TravisOhioMarch 07, 2010 04:12
Perhaps we should look at this from another perspective: The points stressed at this conference are becoming a common theme among the anti-agriculture front. Rather than become outraged when it shows up in our backyard, should we not ensure that members of the agricultural community are well-versed and prepared to refute the half-truths and untruths? We are so far into the movement to change farming, especially animal agriculture, that no agriculturalist should be complacent. We must begin educating ourselves to be able to make some moves as the offense, rather than constantly defending what we do. It just might take some more devil's advocates like Maday to awaken the sleeping giant that the nationwide community of agriculture should be. If we do not discuss these issues and develop solutions in our own house, as Maday mentioned, groups with millions of dollars earmarked for lobbying (such as HSUS) have their own solutions which will work their way through Washington and ultimately dictate what we do, manipulating the majority of the population (including many of our congressmen), who are so far removed from the source of their food that they don't know the difference, into believing they are doing the right thing.

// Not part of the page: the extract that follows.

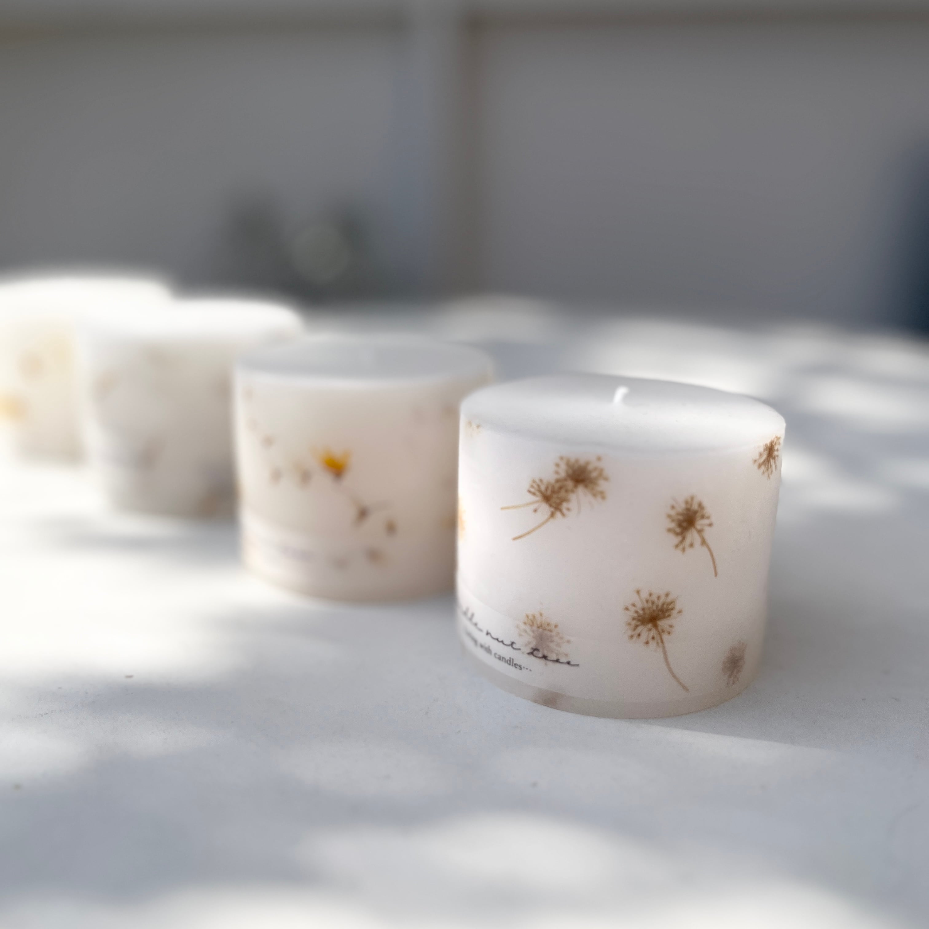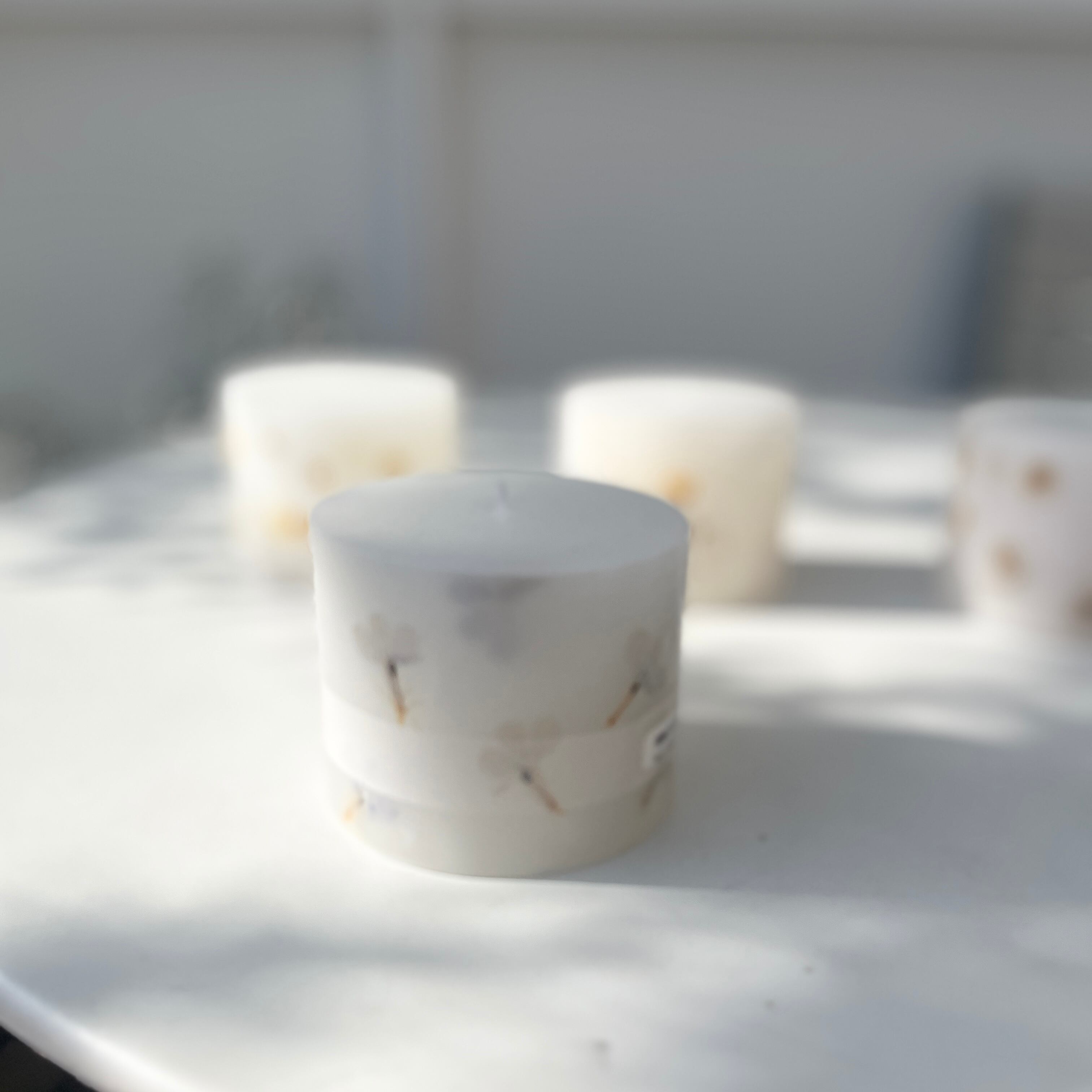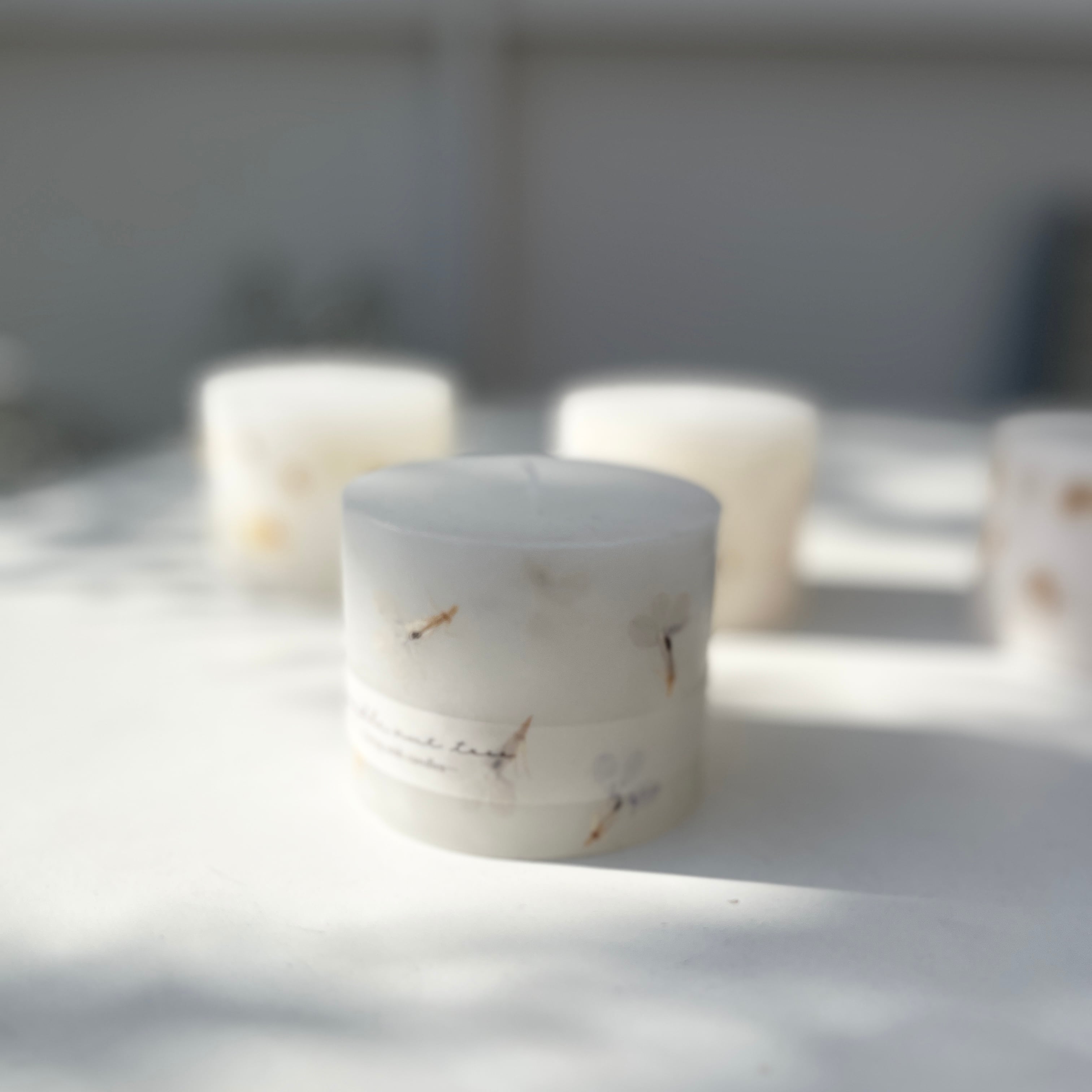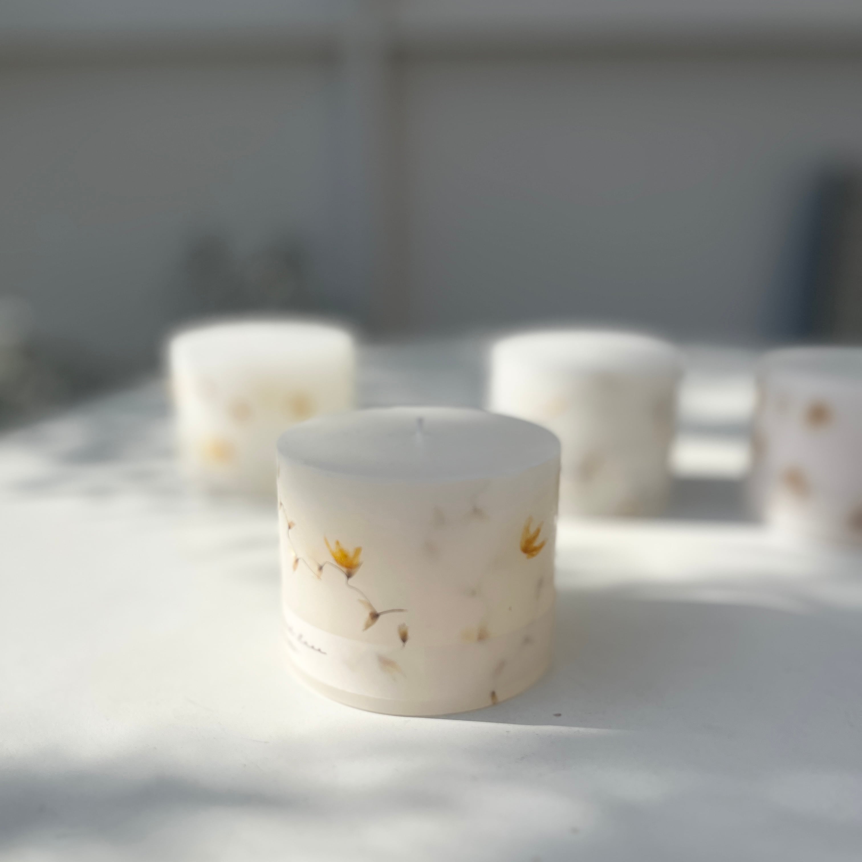 キャンドルの周りに押し花を散りばめたナチュラルな雰囲気が素敵なキャンドルです。

Tom DoblerNaivasha KenyaMarch 06, 2010 01:35
Let these so called food experts come to Kenya and see what happens when we accept their ideas concerning food production. Let them see the resulting hunger and malnutrition that occurs as a result of "friendly agriculture".
DebbieArkansas, formerly MissouriMarch 05, 2010 07:38
The American Royal has in my mind been historically a venue for promoting agriculture. How sad that anything other than that could be tied to that name. Those with anti-Amercian Agriculture ideas are only looking for an avenue to voice their beliefs.
William R. EnglandMarch 05, 2010 03:32
It would appear that the tone of this conference was intended to promote untruths about modern agriculture and provide a forum for wackos.
Diana JostBurdickMarch 05, 2010 02:14
With this kind of information it is no wonder that the uninformed general public get the wrong idea about farms and farm products.